Fast Fourier Transform as a feature extractor
Performing a sensible feature extraction from audio files is definitely a non-trivial task. Fortunately, the Fast Fourier Transform algorithm can be of some help in coping with this issue. A thorough analysis of this popular algorithm cannot be done here, so we limit ourselves to saying that this algorithm's aim is to extract individual frequency intensities from raw sample readings, in order to generate a sort of fingerprint for a piece of music. Therefore, our data set will be made up of these features along with the genre associated to each audio file as output label. This computation was carried out by the fft method within the scipy module, which is able to "return the Discrete Fourier Transform of real or complex sequences". The FFT computation has been made after a call to the scipy.io.wavfile.read routine, which is said to "return the sample rate (in samples/sec) and data from a WAV file".
After some careful experiments, we found out that taking all the features coming from each WAV file was unnecessary and required too much computation time.

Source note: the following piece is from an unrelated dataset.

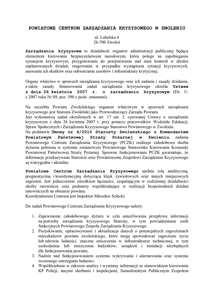 POWIATOWE CENTRUM ZARZĄDZANIA KRYZYSOWEGO W ZWOLENIU ul. Lubelska 6 26-700 Zwoleń Zarządzanie kryzysowe to działalność organów administracji publicznej będąca elementem kierowania bezpieczeństwem narodowym, która polega na zapobieganiu sytuacjom kryzysowym, przygotowaniu do przejmowania nad nimi kontroli w drodze zaplanowanych działań, reagowaniu w przypadku wystąpienia sytuacji kryzysowych, usuwaniu ich skutków oraz odtwarzaniu zasobów i infrastruktury krytycznej. Organy właściwe w sprawach zarządzania kryzysowego oraz ich zadania i zasady działania, a także zasady finansowania zadań zarządzania kryzysowego określa Ustawa z dnia 26 kwietnia 2007 r. o zarządzaniu kryzysowym (Dz. U. z 2007 roku Nr 89, poz. 590 z poźn. zmianami). Na szczeblu Powiatu Zwoleńskiego organem właściwym w sprawach zarządzania kryzysowego jest Starosta Zwoleński jako Przewodniczący Zarządu Powiatu. Jest wykonawcą zadań określonych w art. 17 ust. 2. cytowanej Ustawy o zarządzaniu kryzysowym z dnia 26 kwietnia 2007 r. przy pomocy pracowników Wydziału Edukacji, Spraw Społecznych i Zarządzania Kryzysowego Starostwa Powiatowego w Zwoleniu. Na podstawie Umowy nr 4/2010 Starosty Zwoleńskiego z Komendantem Powiatowym Państwowej Straży Pożarnej w Zwoleniu, zadania Powiatowego Centrum Zarządzania Kryzysowego (PCZK) realizuje całodobowa służba dyżurna pełniona w systemie zmianowym Powiatowego Stanowiska Kierowania Komendy Powiatowej Państwowej Straży Pożarnej. Sprawne funkcjonowanie PCZK gwarantuje, że informacje przekazywane Staroście oraz Powiatowemu Zespołowi Zarządzania Kryzysowego są wiarygodne i aktualne. Powiatowe Centrum Zarządzania Kryzysowego spełnia rolę analityczną, prognostyczną i koordynacyjną dotyczącą klęsk żywiołowych oraz innych miejscowych zagrożeń. Jest jednocześnie ośrodkiem łączności, zespalającym w codziennej działalności służby ratownicze oraz podmioty współdziałające w realizacji bezpośrednich działań ratowniczych na obszarze powiatu. Koordynatorem Centrum jest inspektor Mirosław Solecki. Do zadań Powiatowego Centrum Zarządzania Kryzysowego należy: 1. Zapewnienie całodobowego dyżuru w celu umożliwienia przepływu informacji na potrzeby zarządzania kryzysowego Starosty, w tym powiadamianie osób funkcyjnych Powiatowego Zespołu Zarządzania Kryzysowego. 2. Pozyskiwanie, opracowywanie i aktualizacja danych o potencjalnych zagrożeniach mieszkańców powiatu zwoleńskiego, które mogą spowodować zagrożenie życia lub zdrowia ludności, znaczne zniszczenia w infrastrukturze technicznej, w tym uszkodzenia lub zniszczenia budynków, urządzeń i instalacji niezbędnych dla funkcjonowania powiatu. 3. Nadzór nad funkcjonowaniem systemu wykrywania i alarmowania oraz systemu wczesnego ostrzegania ludności. 4. Współdziałanie w zakresie analizy i wymiany informacji ze stanowiskiem kierowania KP Policji, innymi służbami i inspekcjami, Samodzielnym Publicznym Zespołem 5. 6. 7. 8. 9. Zakładów Opieki Zdrowotnej oraz bieżące informowanie o zdarzeniach Wojewódzkie Centrum Zarządzania Kryzysowego. Gromadzenie, aktualizowanie baz danych i innych narzędzi dla potrzeb Centrum; współdziałanie w tym zakresie z wydziałami Starostwa, administracją samorządową, administracją zespoloną i niezespoloną oraz innymi służbami, inspekcjami i organizacjami pozarządowymi. Po otrzymaniu informacji o wystąpieniu zagrożenia, inicjowanie działań w zakresie zarządzania kryzysowego oraz niezwłoczne przekazanie informacji o zaistniałym zdarzeniu odpowiednim organom wyższego i niższego szczebla, przedstawiając jednocześnie swoją ocenę sytuacji oraz informację o zamierzonych działaniach. W przypadku otrzymania informacji, od jednostek organizacyjnych wchodzących w skład Krajowego Systemu Wykrywania i Alarmowania, o wykryciu zagrożenia skażeniami lub stwierdzenia wystąpienia skażeń przez podległe im systemy, niezwłoczne powiadomienie właściwego terytorialnie dla miejsca takiego zdarzenia organu administracji publicznej, który podejmuje decyzję o wprowadzeniu lub ogłoszeniu sygnału lub komunikatu ostrzegawczego, a także o ich odwołaniu. Wypracowanie i przygotowanie wstępnej analizy powstałego zdarzenia i przedstawienie wniosków do decyzji Starosty. Współdziałanie z organami prowadzącymi akcje ratownicze, poszukiwawcze i humanitarne w zakresie koordynacji działań oraz zapewnienie wzajemnego przepływu informacji poprzez: 1) powiadamianie zgodnie z obowiązującymi algorytmami właściwych organów oraz powiatowych służb, inspekcji, służb komunalnych i technicznych o zaistniałych zdarzeniach wraz z rejestracją i dokumentowaniem danych; 2) przy zdarzeniach śmiertelnych lub o dużym zagrożeniu powiadamianie Starosty oraz przygotowanie komunikatów ostrzegawczych o zagrożeniu i sposobach zachowania się ludności w zaistniałej sytuacji; 3) w sytuacjach nadzwyczajnych, nagłych i nie cierpiących zwłoki, podejmowanie decyzji o uruchomieniu systemu wykrywania i alarmowania oraz systemu wczesnego ostrzegania ludności w uzgodnieniu z Wojewódzkim Centrum Zarządzania Kryzysowego; 4) zbieranie danych o przebiegu akcji, użytych siłach i ich rodzajach, poniesionych stratach i zniszczeniach, kosztach oraz rejestrowanie tych danych. 10. Współpraca z podmiotami realizującymi monitoring środowiska. 11. Współdziałanie oraz wymiana informacji z Wojewódzkim Centrum Zarządzania Kryzysowego, centrami zarządzania kryzysowego sąsiednich powiatów, oraz gminnymi zespołami zarządzania kryzysowego. Katalog zagrożeń występujących lub mogących wystąpić na terenie powiatu zwoleńskiego: 1. Katastrofy naturalne Powodzie (opadowe, roztopowe, zatorowe), rozległe podtopienia Anomalie pogodowe (huragany, trąby powietrzne, burze, śnieżyce, ekstremalne temperatury, zawieje i zamiecie śnieżne, susze) Epidemie (zbiorowe zatrucia układu pokarmowego ) Epizootie (zwiększona iloś

Therefore, our code got a remarkable speedup without jeopardising effectiveness by restricting everything to the first 1000 features.
Even though a deep understanding of this process would demand a solid background in Signal Processing, we list some of the computed features:
- root-mean-square (RMS) level;
- spectral centroid;
- bandwidth;
- spectral roll-off frequency;
- band energy ratio;
- delta spectrum magnitude;
- pitch;
- pitch strength.
In the end, the extracted feature set has been persistently saved to disk in the .npy format, the standard binary file format in NumPy for saving a single arbitrary NumPy array on disk.
Feature extraction and file writing
def create_fft(filename):
s_rate, data = scipy.io.wavfile.read(filename)
fft_feat = abs(scipy.fft(data)[:1000])
base_filename, ext = os.path.splitext(filename)
data_filename = base_filename + ".fft"
np.save(data_filename, fft_feat)